Sweden understands this at a national level, which is part of why the state forestry enterprise and the forest-owners' cooperative are in the round. Forestry is one of the country's foundational industries, worth billions in exports and woven into rural economies. Losing the ability to harvest efficiently isn't a business inconvenience. It's a strategic problem. Funding a homegrown solution that keeps the sector productive is exactly the kind of bet that aligns state, cooperative and venture capital in one round.
The economics stack up on the operator's side too. Better real-time measurement means fewer wasted cuts, higher-value grading, and more usable timber from every stand. In a low-margin, high-volume business, small efficiency gains per tree compound into serious money across a season. NFA is selling a productivity tool that pays for itself, which is the only kind of enterprise software that industrial buyers actually keep.
Forestry doesn't get startup headlines. It should. It's a massive global industry, it's under real labor pressure, and it's exactly the kind of physical, data-rich, high-value problem that modern AI is built to attack. NFA figured that out early and got the people who own the forests to fund the fix.

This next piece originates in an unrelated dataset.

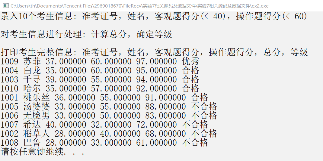 #include <stdio.h> #include <stdlib.h> #include <string.h> const int N = 10; // 定义结构体类型struct student,并定义其别名为STU typedef struct student { long int id; char name[20]; float objective; /*客观题得分*/ float subjective; /*操作题得分*/ float sum; char level[10]; }STU; // 函数声明 void input(STU s[], int n); void output(STU s[], int n); void process(STU s[], int n); int main() { STU stu[N]; printf("录入%d个考生信息: 准考证号,姓名,客观题得分(<=40),操作题得分(<=60)\n", N); input(stu, N); printf("\n对考生信息进行处理: 计算总分,确定等级\n"); process(stu, N); printf("\n打印考生完整信息: 准考证号,姓名,客观题得分,操作题得分,总分,等级\n"); output(stu, N); system("pause"); return 0; } // 从文本文件examinee.txt读入考生信息:准考证号,姓名,客观题得分,操作题得分 void input(STU s[], int n) { // 补足代码 // ××× FILE *fp1; int i; fp1=fopen("examinee.txt","r"); if(!fp1) { printf("fail to open examinee.txt\n"); exit(0); } for(i=0;i<n;i++) fscanf(fp1, "%ld %s %f %f",&s[i].id,&s[i].name,&s[i].objective,&s[i].subjective); fclose(fp1); } // 输出考生完整信息: 准考证号,姓名,客观题得分,操作题得分,总分,等级 // 不仅输出到屏幕上,还写到文本文件result.txt中 void output(STU s[], int n) { // 补足代码 // ××× int i; FILE *fp2; fp2=fopen("result.txt","w"); for(i=0;i<n;i++){ printf("%ld %s %f %f %f %s\n",s[i].id,s[i].name,s[i].objective,s[i].subjective,s[i].sum,s[i].level); fprintf(fp2,"%ld %s %f %f %f %s\n",s[i].id,s[i].name,s[i].objective,s[i].subjective,s[i].sum,s[i].level); } fclose(fp2); } // 对考生信息进行处理:计算总分,排序,确定等级 void process(STU s[], int n) { // 补足代码 // ××× int i,j,k; STU m; for(i=0;i<n;i++) s[i].sum=s[i].objective+s[i].subjective; for(k=0;k<n-1;k++) { for(j=0;j<n-1-k;j++) if(s[j].sum<s[j+1].sum) { m = s[j]; s[j] = s[j+1]; s[j+1] = m; } } for(i=0;i<n;i++) { switch(i) { case 0:strcpy(s[i].level,"优秀");break; case 1: case 2: case 3: case 4:strcpy(s[i].level,"合格");break; case 5: case 6: case 7: case 8: case 9:strcpy(s[i].level,"不合格");break; } } }

The €4.3 million buys the runway to ship the next products and prove that species identification and semi-automation work as well in the field as thinning already does. If they do, NFA won't just be a Swedish success story. It'll be the template for how physical AI eats the world's oldest industries, one measured tree at a time.
Keep an eye on the deployment numbers. Seven markets today. The rate at which that grows, and how fast Sveaskog and Södra roll the systems across their own fleets, will tell you whether the flywheel is really spinning. In physical AI, the company with the most machines in the field wins, because it has the most data. Right now, that's NFA.